En Norvège comme ailleurs, l’élite politique se compose de gens qui ont mûri après que les drogues aient été plus faciles d’accès, et quelques uns ont même reconnu qu’ils en avait consommées. Le premier ministre, Jens Stoltenberg, du parti social-démocrate a reconnu avoir été un fumeur de joint durant sa jeunesse, et sa soeur Nina est une consommatrice d’héroïne connue. En diverses occasions elle a demandé une réforme de la politique des drogues. Son père, Thorvald Stoltenberg (photo), ancien premier ministre, a été un partisan remarqué des politiques alternatives en matière de drogues. Il a été président d’une commission de haut niveau qui, en 2010, dans un rapport au Parlement de Norvège a exigé une approche plus tolérante, comme la dépénalisation de la consommation et de la possession de toutes drogues, et pour la mise en place d’expérimentation de prescription d’héroïne pour des consommateurs avérés. Il a aussi été, plus récemment, membre de la Commission Mondiale sur les Drogues, qui, comme nous le savons tous, a demandé un changement radical du régime de contrôle global dans son rapport de l’année dernière.
Malgré que les recommandations de la commission de Stoltenberg aient été rejetées vigoureusement par tous les partis politiques, il y a eu un adoucissement au niveau des attitudes et de la manière d’en parler. Les partis politiques et spécialement leurs organisations orientées vers la jeunesse portent désormais un regard critique sur le scénario de la guerre aux drogues.

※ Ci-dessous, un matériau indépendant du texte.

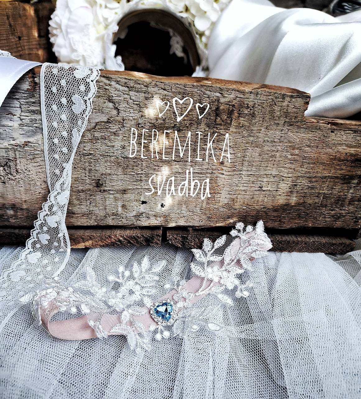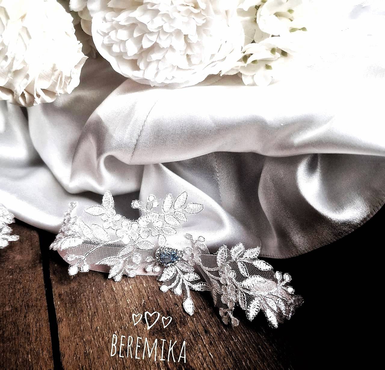 Podväzok s modrým srdiečkom na jemnej telovej lesklej gume.V ponuke biela, telová, ( v galerii podväzkov v ponuke )

Ces changements d’attitudes ont été évidents quand la revue Minerve (conservatrice) a consacré la dernière édition de 2011 à la réforme de la politique des drogues, avec écrit "Légaliser les drogues" sur la première page. En plus de quelques articles bien informés sur les politiques des drogues et le mouvement de réforme internationale, ils ont rencontré des parlementaires de tous les principaux partis politiques prêts à défendre des changements radicaux quant à l’approche publique des drogues. Minerva est associée au principal parti conservateur, Høyre, par ailleurs très prohibitionniste. L’hypocrisie de cette attitude a été démontrée quand un de ces principaux partisans de la guerre aux drogues, Henning Warloe, a reconnu être consommateur de cocaïne et d’amphétamines.

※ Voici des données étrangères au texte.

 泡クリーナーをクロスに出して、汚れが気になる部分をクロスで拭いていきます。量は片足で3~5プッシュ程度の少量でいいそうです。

Les débats sur les alternatives au prohibitionnisme sclérosé ont duré jusqu’en 2012. Plusieurs journaux importants ont publié des articles remarquables qui demandaient la fin de la prohibition et l’expérimentation de régulation des marchés des drogues. Quelques sections locales du Parti Socialiste (SV) et du Parti Libéral (Venstre) demandent la légalisation de toutes les drogues. Même l’organisation jeunesse du Parti du Progrès (extrême droite), exige désormais la légalisation du cannabis. Le Parti du Progrès défend une économie libertaire, et leurs représentants sont connus à l’étranger pour défendre des modèles libéraux de politiques des drogues. Pourtant dans le discours qu’ils dispensent en Norvège, ils ont été les fervents défenseurs de la prohibition, demandant des peines de prison de plus en plus lourdes et rejetant toute discussion sur d’éventuelles alternatives. C’est pour ça que personne n’a été étonné quand les cadres du parti ont dénoncé sans délai la décision du parti jeunesse.
La situation actuelle en Norvège (et ailleurs) est donc que la prohibition reste enracinée dans l’institution politique mais aussi que les fissures dans la forteresse se font de plus en plus marquées. Les politiciens les plus âgés sont généralement incapables de changer d’attitude et les plus jeunes ne sont pas prêts à gaspiller leur capital dans ce qu’ils perçoivent comme une machine à perdre des bulletins de vote. Il faut qu’il y ait un changement perceptible dans l’opinion publique, ce n’est qu’ensuite que les politiciens changeront. Comme toujours, le peuple doit agir, et la politique suivra.